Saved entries
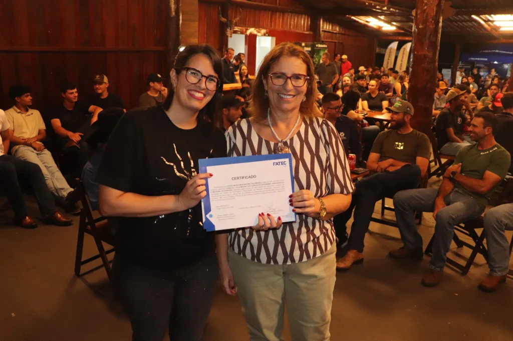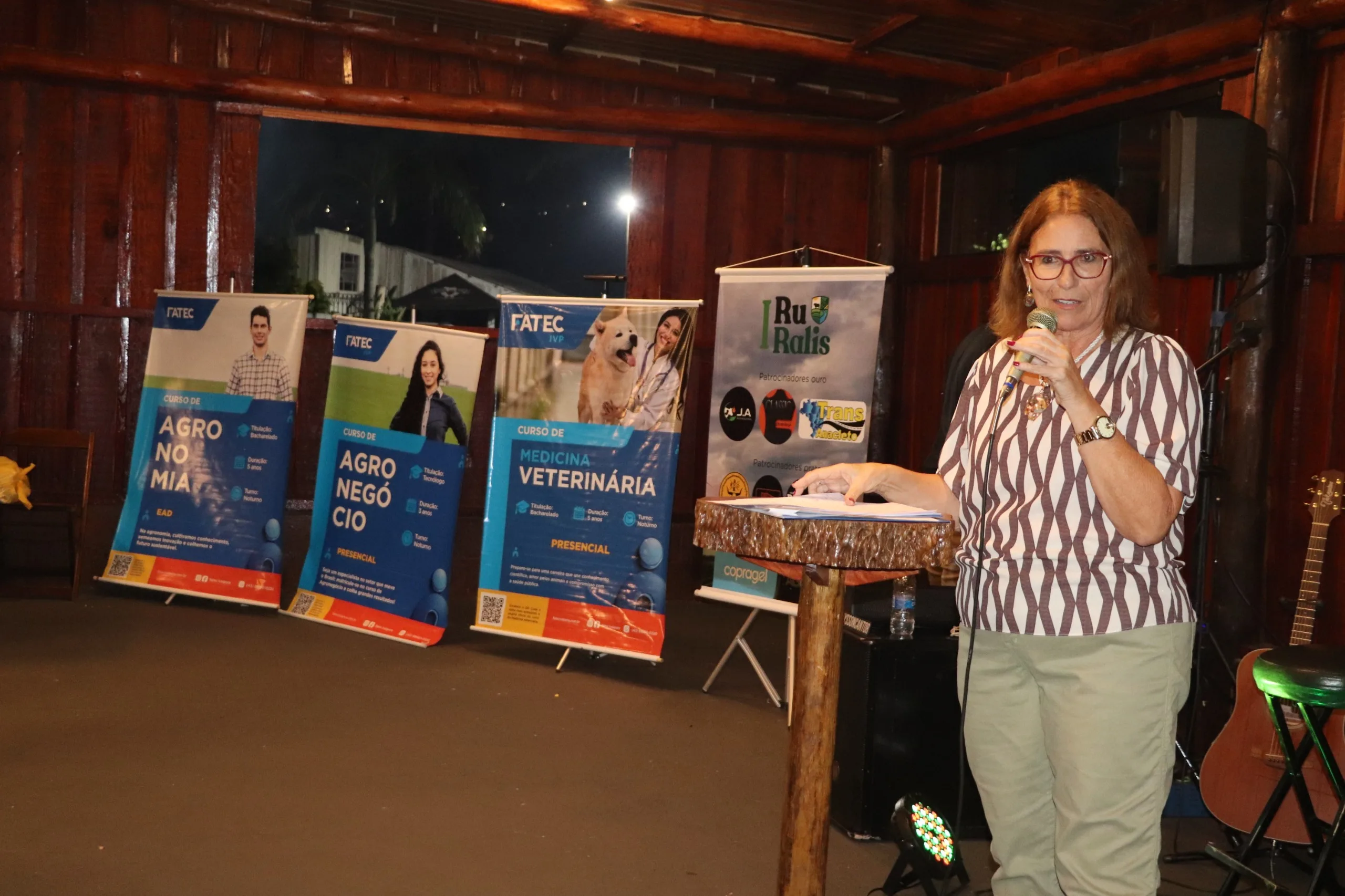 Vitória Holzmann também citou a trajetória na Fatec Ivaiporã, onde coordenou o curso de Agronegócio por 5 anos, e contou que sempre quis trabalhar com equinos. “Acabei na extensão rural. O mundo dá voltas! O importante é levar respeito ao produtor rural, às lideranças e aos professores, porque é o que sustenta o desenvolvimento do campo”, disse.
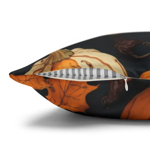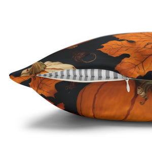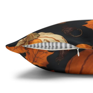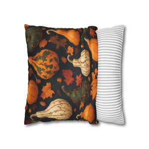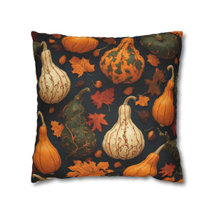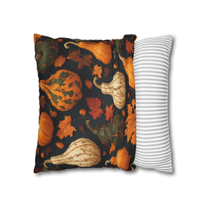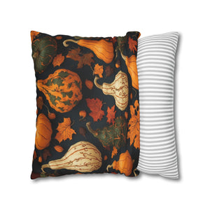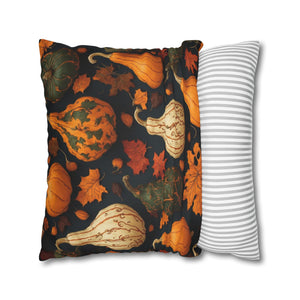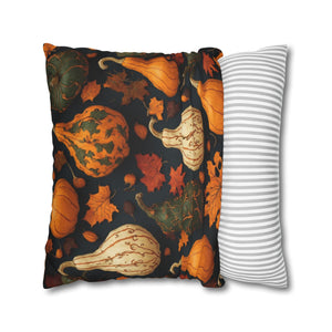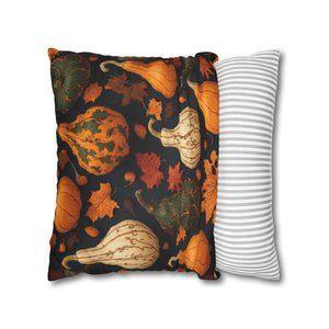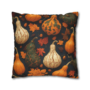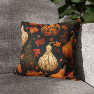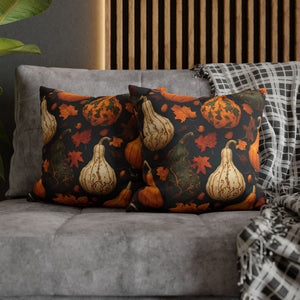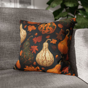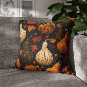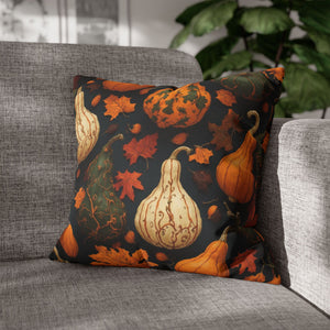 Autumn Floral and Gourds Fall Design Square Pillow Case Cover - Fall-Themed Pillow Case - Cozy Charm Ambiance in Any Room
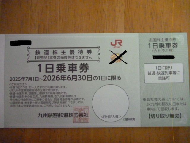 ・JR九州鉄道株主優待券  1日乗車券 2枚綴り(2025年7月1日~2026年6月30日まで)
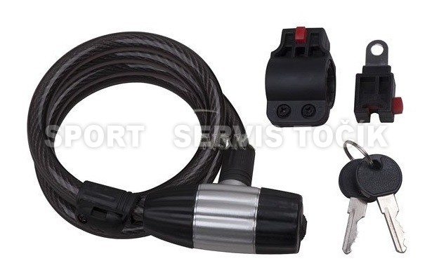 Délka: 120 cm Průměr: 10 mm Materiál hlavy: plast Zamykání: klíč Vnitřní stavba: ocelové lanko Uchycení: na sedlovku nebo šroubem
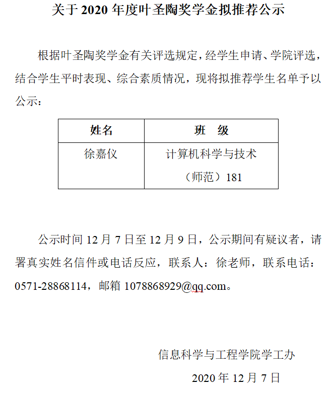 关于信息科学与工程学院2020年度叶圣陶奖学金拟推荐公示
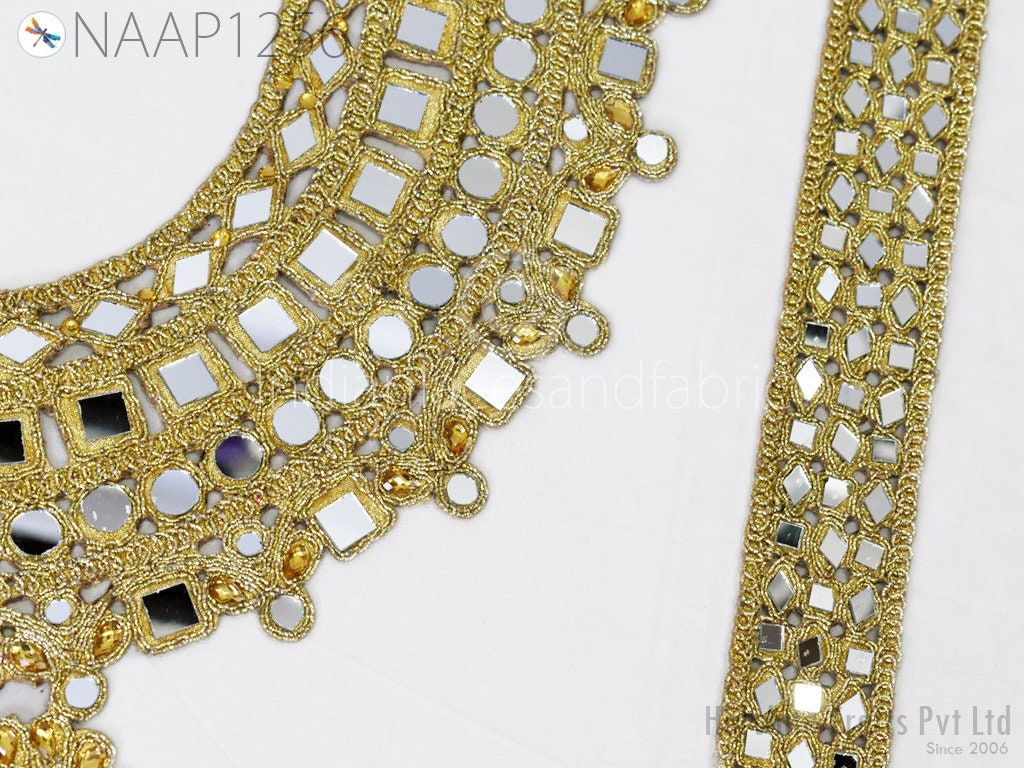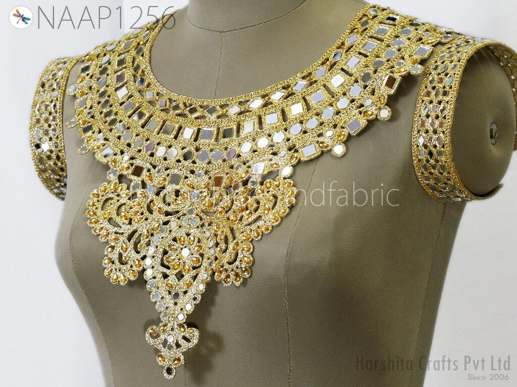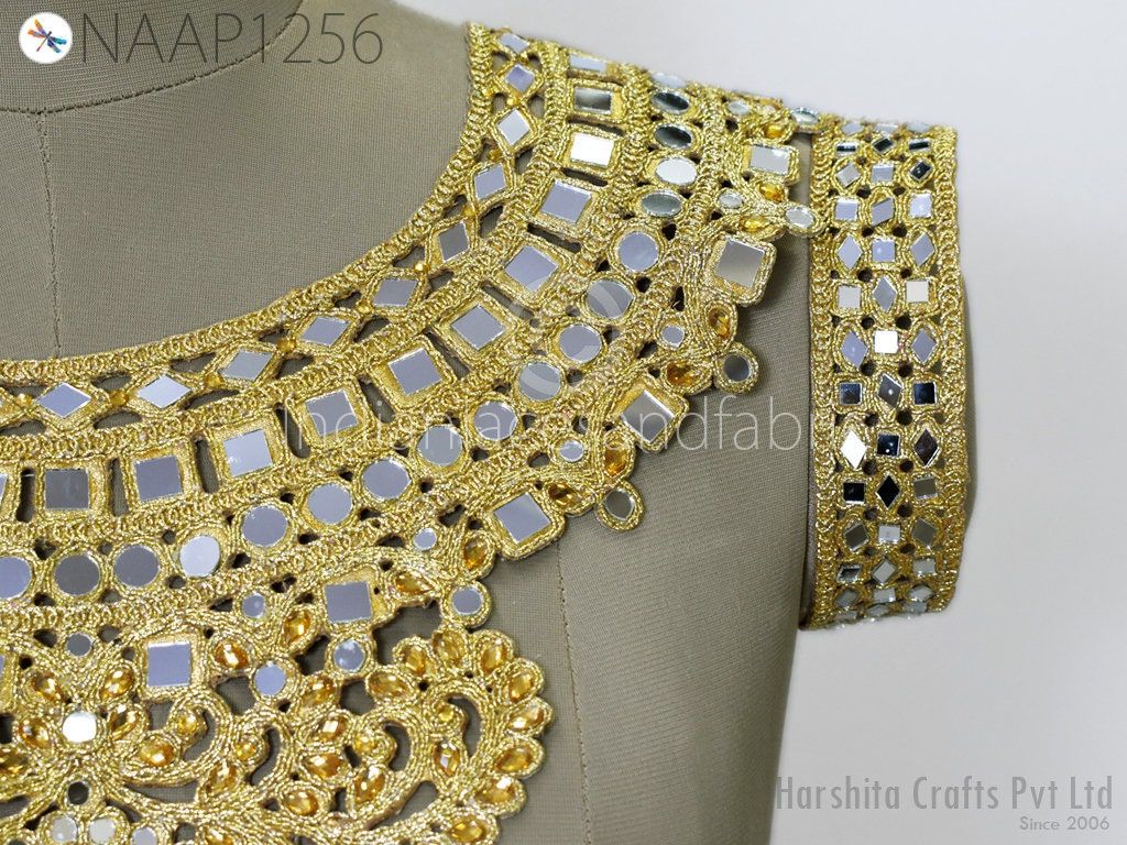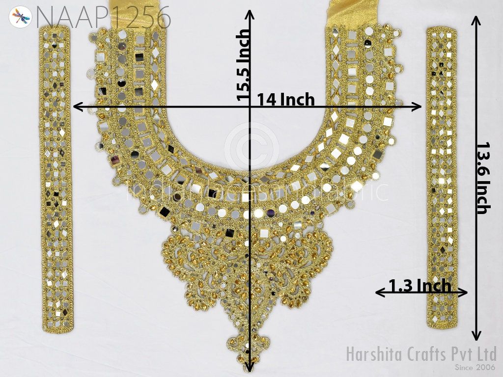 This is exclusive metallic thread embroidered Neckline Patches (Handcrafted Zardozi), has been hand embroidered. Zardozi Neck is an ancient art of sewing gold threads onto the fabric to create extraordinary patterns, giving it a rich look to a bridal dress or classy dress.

Aim of the exercise>
From the line that includes "Délka: 120 cm" on down to the last line of the entries above, set down each line exactly, leaving out the pictures.

Written solution>
 Délka: 120 cm Průměr: 10 mm Materiál hlavy: plast Zamykání: klíč Vnitřní stavba: ocelové lanko Uchycení: na sedlovku nebo šroubem
 关于信息科学与工程学院2020年度叶圣陶奖学金拟推荐公示
 This is exclusive metallic thread embroidered Neckline Patches (Handcrafted Zardozi), has been hand embroidered. Zardozi Neck is an ancient art of sewing gold threads onto the fabric to create extraordinary patterns, giving it a rich look to a bridal dress or classy dress.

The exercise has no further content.